* Task to carry out
Print only the lines below from the one with "圖16 雙黏接界面弱化時的超聲反射系數頻譜" to the one with "<神農屋>牆邊鳥紋鏤空夜燈。", both included, exactly as they stand. Leave pictures out.

===== Data for review =====

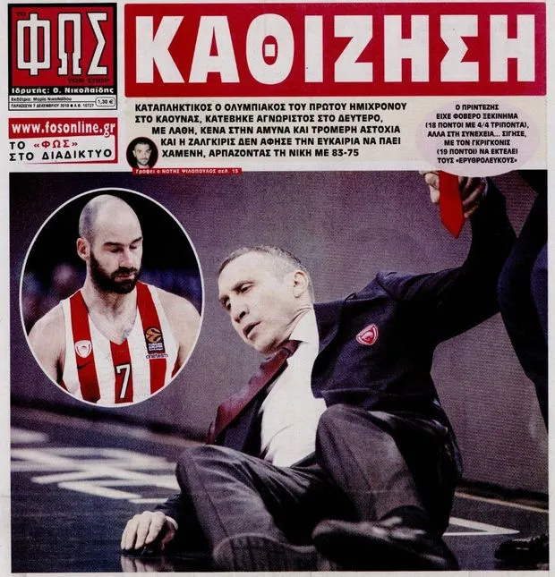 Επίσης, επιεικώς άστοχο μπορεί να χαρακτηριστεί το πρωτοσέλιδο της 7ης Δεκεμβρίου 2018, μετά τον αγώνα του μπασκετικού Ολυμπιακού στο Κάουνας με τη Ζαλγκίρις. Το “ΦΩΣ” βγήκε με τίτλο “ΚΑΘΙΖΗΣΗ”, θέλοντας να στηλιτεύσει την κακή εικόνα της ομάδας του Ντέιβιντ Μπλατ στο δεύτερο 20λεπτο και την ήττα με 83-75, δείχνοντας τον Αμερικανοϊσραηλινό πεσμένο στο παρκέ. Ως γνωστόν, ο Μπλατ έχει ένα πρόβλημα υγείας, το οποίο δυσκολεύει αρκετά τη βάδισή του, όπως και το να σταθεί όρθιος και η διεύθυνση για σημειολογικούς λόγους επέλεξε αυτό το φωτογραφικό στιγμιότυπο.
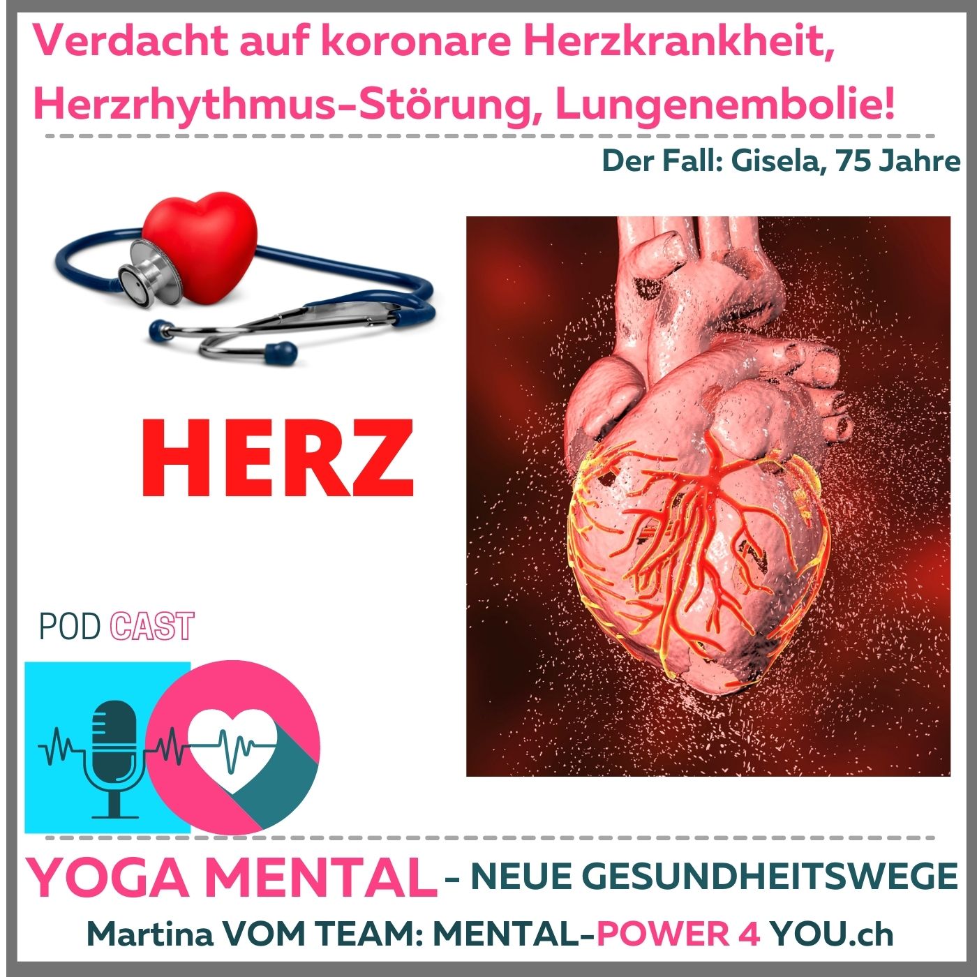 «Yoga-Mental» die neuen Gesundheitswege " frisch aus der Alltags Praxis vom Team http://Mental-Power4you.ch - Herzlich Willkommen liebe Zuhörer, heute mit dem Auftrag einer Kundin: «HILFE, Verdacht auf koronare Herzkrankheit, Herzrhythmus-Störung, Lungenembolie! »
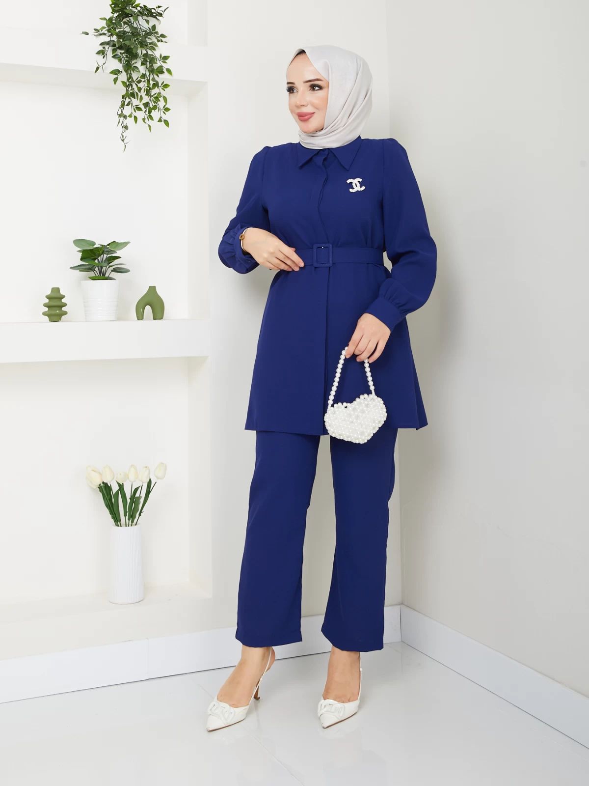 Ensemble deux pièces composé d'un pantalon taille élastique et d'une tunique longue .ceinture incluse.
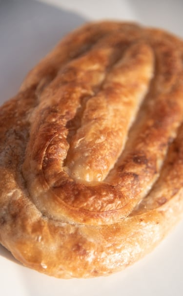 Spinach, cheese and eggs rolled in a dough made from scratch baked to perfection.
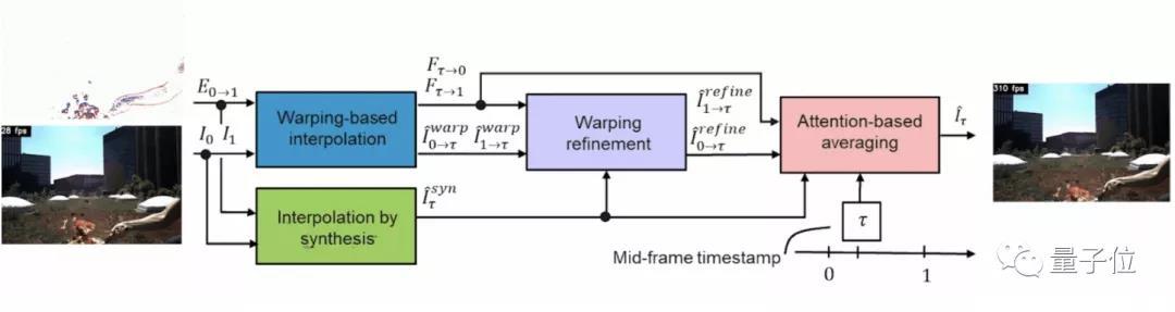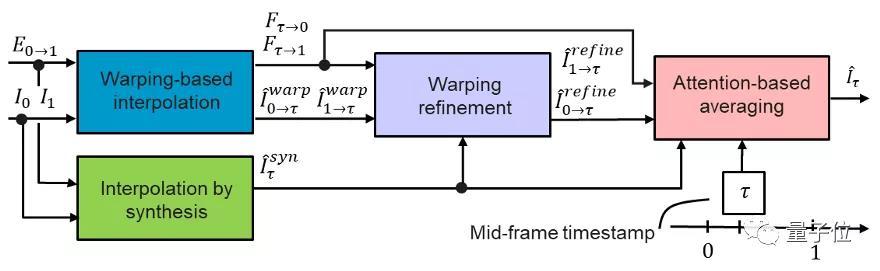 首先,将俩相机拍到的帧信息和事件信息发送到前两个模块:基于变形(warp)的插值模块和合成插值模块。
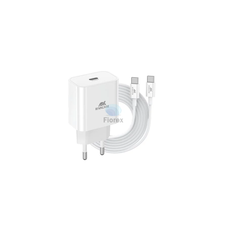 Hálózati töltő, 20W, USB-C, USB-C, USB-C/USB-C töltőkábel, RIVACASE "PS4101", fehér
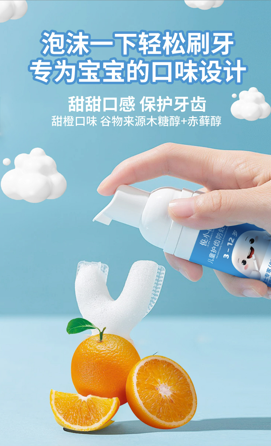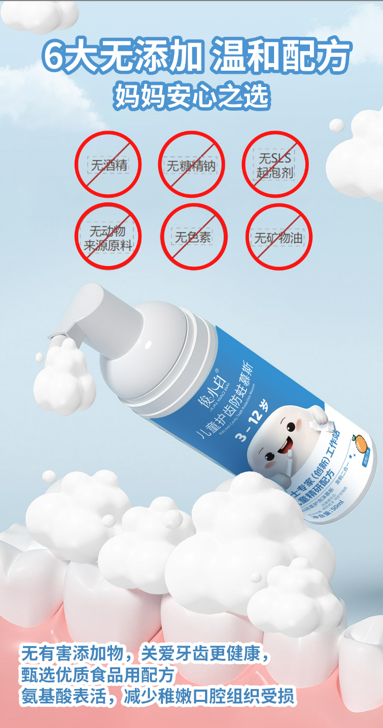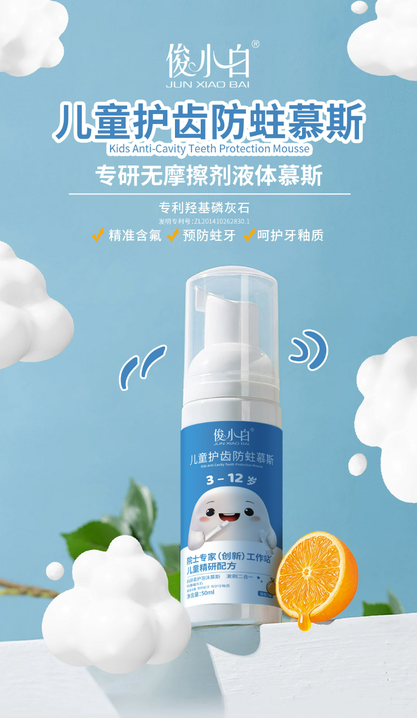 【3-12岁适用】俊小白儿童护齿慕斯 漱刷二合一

=====
===== Data for review =====

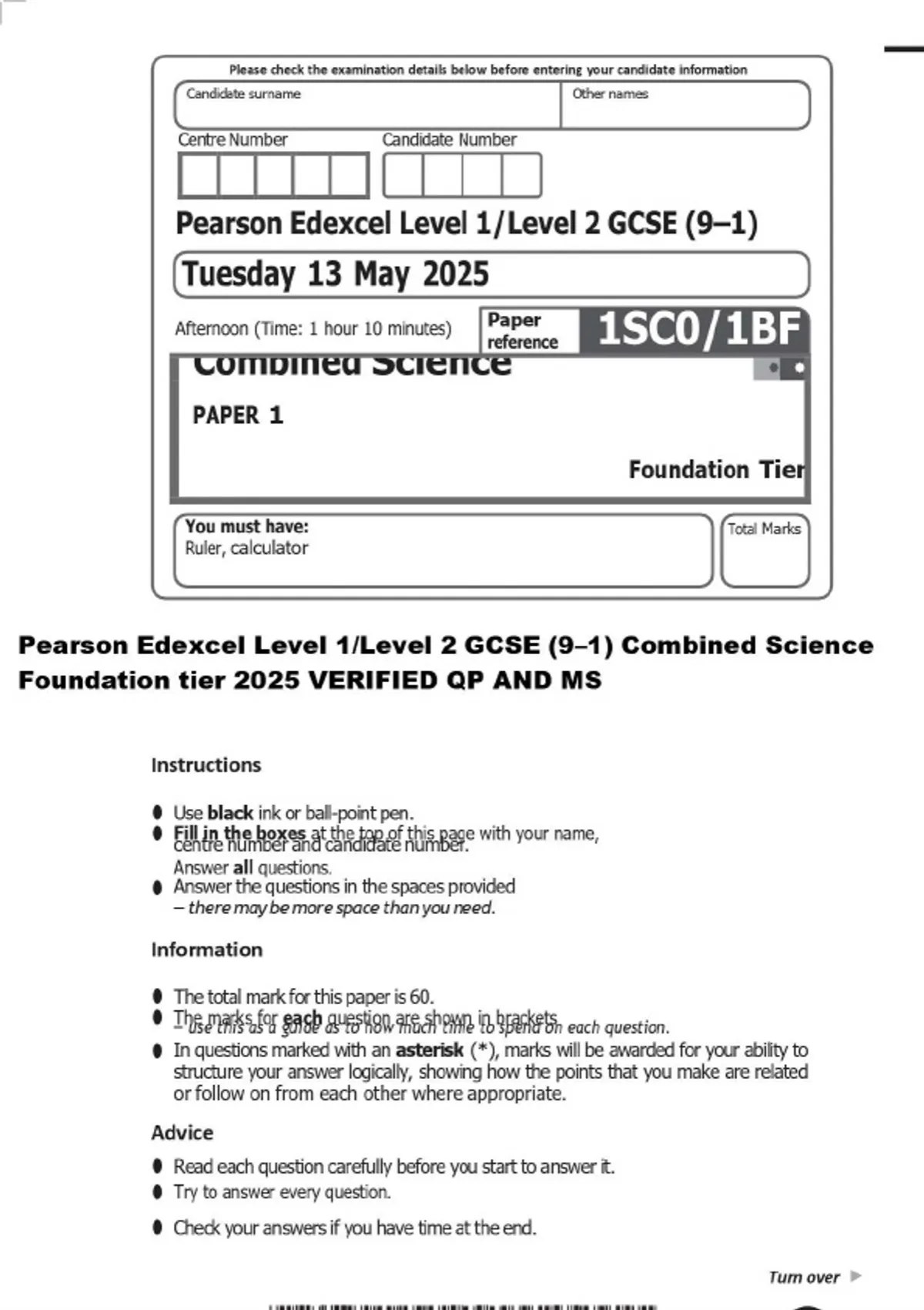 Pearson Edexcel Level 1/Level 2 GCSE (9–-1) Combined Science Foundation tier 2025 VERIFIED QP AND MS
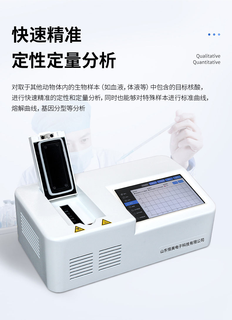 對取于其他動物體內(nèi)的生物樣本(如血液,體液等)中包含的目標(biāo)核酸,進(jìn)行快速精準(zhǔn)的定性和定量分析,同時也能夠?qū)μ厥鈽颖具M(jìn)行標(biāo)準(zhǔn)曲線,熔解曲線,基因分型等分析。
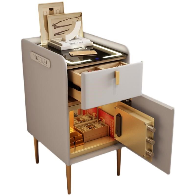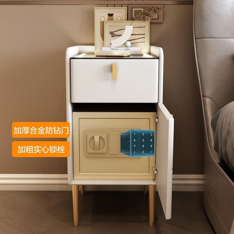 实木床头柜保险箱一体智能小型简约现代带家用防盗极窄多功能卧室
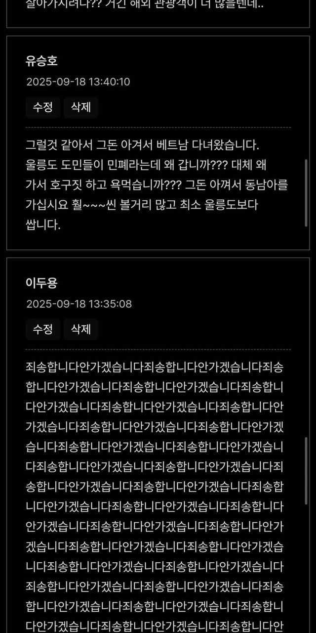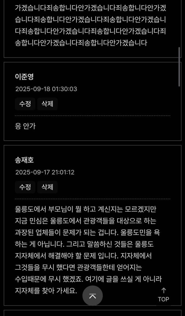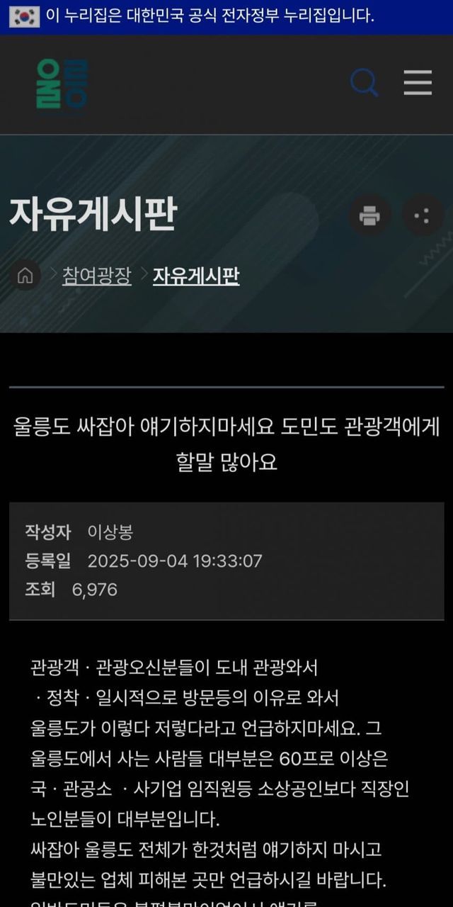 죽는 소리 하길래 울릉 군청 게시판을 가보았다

=====
===== Data for review =====

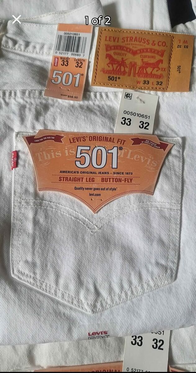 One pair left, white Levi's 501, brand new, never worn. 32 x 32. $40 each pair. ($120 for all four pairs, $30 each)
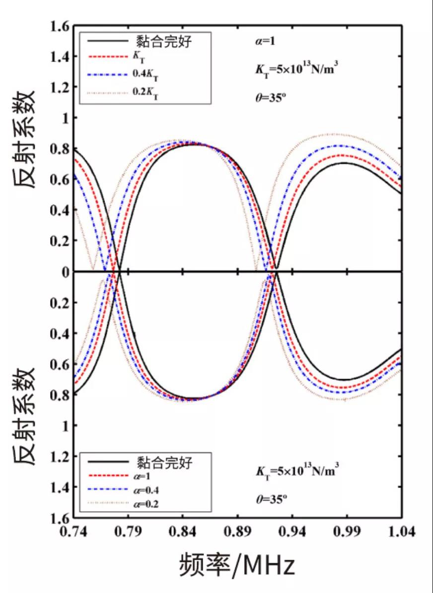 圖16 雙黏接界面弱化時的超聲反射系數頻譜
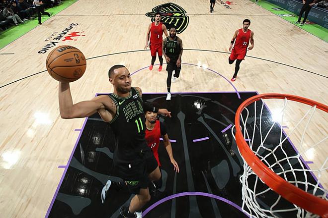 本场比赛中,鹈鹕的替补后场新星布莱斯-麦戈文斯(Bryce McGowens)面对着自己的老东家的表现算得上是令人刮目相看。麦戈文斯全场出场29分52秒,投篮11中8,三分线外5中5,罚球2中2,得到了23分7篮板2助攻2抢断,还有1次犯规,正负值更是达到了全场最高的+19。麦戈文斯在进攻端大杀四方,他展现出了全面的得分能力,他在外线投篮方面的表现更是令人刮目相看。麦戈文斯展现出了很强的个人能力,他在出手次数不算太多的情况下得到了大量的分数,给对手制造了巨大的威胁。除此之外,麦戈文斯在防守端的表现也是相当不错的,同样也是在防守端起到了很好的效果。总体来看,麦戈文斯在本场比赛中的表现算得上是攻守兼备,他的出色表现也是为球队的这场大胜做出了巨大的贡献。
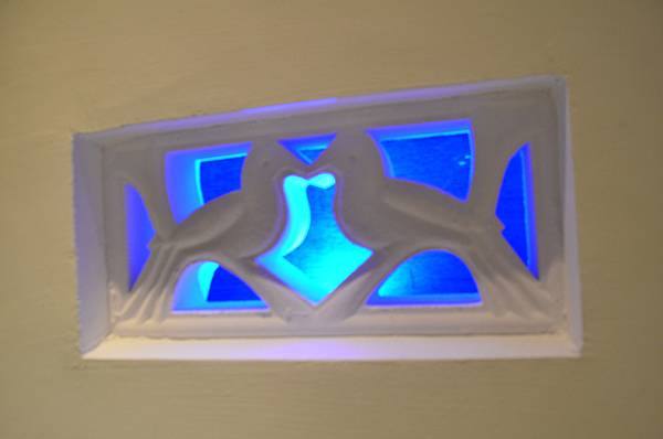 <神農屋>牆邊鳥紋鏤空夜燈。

=====

* Result
 圖16 雙黏接界面弱化時的超聲反射系數頻譜
 本场比赛中,鹈鹕的替补后场新星布莱斯-麦戈文斯(Bryce McGowens)面对着自己的老东家的表现算得上是令人刮目相看。麦戈文斯全场出场29分52秒,投篮11中8,三分线外5中5,罚球2中2,得到了23分7篮板2助攻2抢断,还有1次犯规,正负值更是达到了全场最高的+19。麦戈文斯在进攻端大杀四方,他展现出了全面的得分能力,他在外线投篮方面的表现更是令人刮目相看。麦戈文斯展现出了很强的个人能力,他在出手次数不算太多的情况下得到了大量的分数,给对手制造了巨大的威胁。除此之外,麦戈文斯在防守端的表现也是相当不错的,同样也是在防守端起到了很好的效果。总体来看,麦戈文斯在本场比赛中的表现算得上是攻守兼备,他的出色表现也是为球队的这场大胜做出了巨大的贡献。
 <神農屋>牆邊鳥紋鏤空夜燈。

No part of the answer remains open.